On some grounds, Xenocrates and Aristotle borrow genuinely and generously from Plato’s ideas.  One example is Aristotle’s conceptualization of the Unmoved Mover from Metaphysics L and Xenocrates’ comparable figuration of the One/Nous, as Dillon has discussed (2003: 107).  Dillon notes that the only major difference between Aristotle’s and Xenocrates’ prime mover “is that (a) the contents of the Intellect of Xenocrates’ first principle are specified as the Forms (seen as mathematical entities), and that (b) his Monad exercises a more active providential role in the universe than Aristotle’s God, whose activity is entirely self-centred, and who serves only as an object of striving for all the rest of creation.”  As I have investigated elsewhere recently, pursuit of claim (a) yields remarkable results about Xenocrates’ systems of metaphysics and logic; but is it true, as claim (b) suggests, that Xenocrates’ physics fails to exhibit the “striving” of derivative objects for the first principle in a way comparable with Aristotle’s concept of the orexis (desire) of sensible objects?  Not if Proclus has anything to say about it!

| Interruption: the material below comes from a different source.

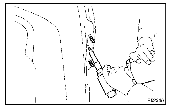 a. Using an air riveter or hand riveter with nose piece, strike waterproof rivets of dia 4.9 mm (0.19 in.) into the side retainer to install the rivet to the bumper cover.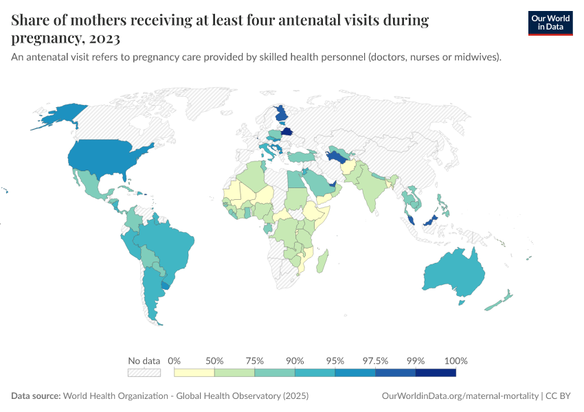 World Health Organization - Global Health Observatory (2025) – processed by Our World in Data. “Share of mothers receiving at least four antenatal visits during pregnancy” [dataset]. World Health Organization, “Global Health Observatory” [original data]. Retrieved March 2, 2026 from https://add-force-datapage.owid.pages.dev/grapher/share-of-mothers-receiving-at-least-four-antenatal-visits-during-pregnancy

Of the three types of triangular entities, the equilateral, so Xenocrates claimed, devotes itself to all the divine souls insofar as they are controlled by the One.  For Equality is Unity.  Thus they are also called divine, for the One is the unique property of the divine.  But since the one that is in souls is not [the One] by itself, but it participates in the Multiplicity that is in them, Unity becomes Equality in the souls devoted to the divine on all sides and generates in all living beings a triangle equal on all sides.  Thereby, they [wise men of old?] also devote the entirety [of the triangle to the divine], both the motions in straight lines and the conjunctions of motions in angles.

The isosceles triangle is consecrated to those souls that come after the divine souls and are daimonic.  In these souls, which are intermediary, are both Equality and Inequality, Unification and Diversity of powers, since their bases are unequal to the lines above them.  Consequently, then, the daimones attach themselves (ephaptontai) to the inferior entities at their [lower] extremities, as well as to the superior entities at their higher extremities; and attachment assimilates them (he epaphe exomoiosi) to the [superior entities]  in virtue of Equality, whereas it connects them (sunaptei) to the [inferior entitites]  in virtue of Inequality.

(Xenocrates F 223 Isnardi-Parente = Procl. In Remp. II p. 48.4ff. Kroll)

In reading this fragment, we have to recall that Xenocrates’ theory of beings assumed that mathematical objects (like triangles) formed the intermediary between us and the First Principles and, moreover, that they were constitutive of the cosmos.  What becomes clear from Proclus’ testimony – if we are to take it as closely resembling Xenocrates’ own language and concepts – is that the daimonic triangles actively “attach themselves” to the superior (i.e. equilateral) triangles, and that this “attachment” is a type of “assimilation” to them.  It is by virtue of their aspect of Equality that they do so; on the other hand, it is by virtue of their aspect of Inequality that they “attach themselves” to the lower (i.e. scalene) triangles.  This is something of a modification of the motions of the “Same” and the “Different” in Plato’s Timaeus (36c ff.), and the principle that soul is a mixture of the Same and Different, as well as Being.

Without going into too much detail (which would involve Theophrastus’ criticisms of Aristotle’s and Xenocrates’ theories of the prime mover, which he understands as disputable on similar grounds), I would just like to point out that Xenocrates’ understands some sort of autonomous activity on the part of the intermediary triangles (yes, we’re talking about autonomous cosmic triangular entities here).  It is therefore not obvious that Xenocrates’ inferior entities do not possess something like the orexis (desire) described by Aristotle, although the terminology is quite different, even if the conceptualization might not be.  Is this a case, then, of a narcissism of minor differences between Aristotle and Xenocrates?